A partir de este punto, la narrativa fue vagamente interpretable en los siguientes actos, siete en total, separados por proyecciones y fragmentos de temas no interpretados en su totalidad. Porque sí, esta es una gira de celebración, pero para Madonna ello no implica lugares comunes. Sí, sonaron grandes éxitos, pero muchos se quedaron en el saco, como Material Girl, True Blue o Frozen. Y es que Madonna cantó aquello que le ha significado algo, como por ejemplo un Erotica que interpretó en un cuadrilátero de boxeo con los bailarines a guisa de boxeadores. Y no todo eran canciones: las coreografías, como la que dio paso a Hung Up, con el cuerpo de baile en un contraluz que entronizaba sus siluetas en aparente desnudez, dejaron claro que el pop se expresa también en movimiento, que cualquier lenguaje bien utilizado suma en escena.
Incluso el de la familia, socorrida ancla que fija a la vida y también a sus amarguras. Cuatro de los hijos de Madonna participaron en el show, Mercy al piano en Bad Girl, Estela en la coreografía de Don’t Tell Me, Dave con la guitarra en Mother and Father y Lourdes en Vogue, puntuando a los danzantes en pleno frenesí. Todo ello sorprendiendo a la mirada, que encontraba objetivos bien en la parte central del escenario, bien en los pasillos que, a guisa de trama urbana de Nueva York, se adentraban en la platea o bien en las pantallas que se descolgaban en los laterales o explotaban en imágenes, colores o fotos en la parte posterior del montaje, donde el escenario se incendió en torno a sus niveles, como final de Crazy For You. Un lujo que, pese a su magnificencia, no opacaba a Madonna, solvente, dominadora, sudando estilo por los poros, con y sin peluca, de largo o de corto, mostrando u omitiendo piel, ceñida u holgada, siendo siempre ella, como en sus 40 años de carrera.

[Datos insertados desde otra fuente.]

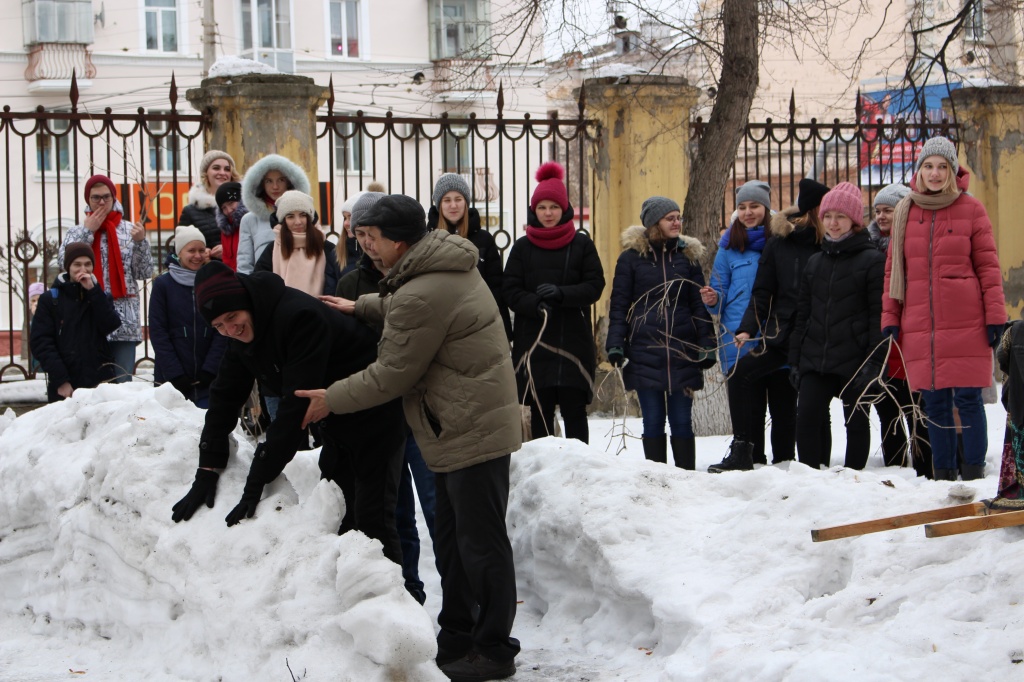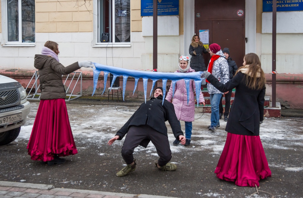 Снежный макет городка "собран" студентами-художниками, творческая реализация выполнена студентами-театралами и музыкантами!

Y antes de abordar la versión de I Will Survive, interpretada con guitarra acústica, bajo un enorme sombrero vaquero, las palabras tomaron el mando y Madonna se mostró contrariada por el estado del mundo, indicando que cada vida es preciosa y mostrándose favorable a la inclusión de las personas de todo tipo con independencia de su orientación, así como a la hospitalidad que debemos al extranjero.
Para la parte final del espectáculo, uno de los más completos y deslumbrantes de una artista que ha menudeado shows impactantes por su elegancia, originalidad y atrevimiento, temas como La Isla Bonita o Don’t Cry For Me Argentina tenían previsto su guiño al mundo latino mientras que una toma de Ray Of Light casi trance permitió a Madonna volar sobre el escenario a bordo de un rectángulo iluminado. Luego bajaron las pulsaciones con Rain y volvieron a subir con un homenaje a Michael Jackson, fusionando Like a Virgin con Billy Jean. El cierre llegó con Bitch I’m Madonna y Celebration. La celebración de una diosa carnal sin edad. Aún moderna. Aún marcando su propio camino.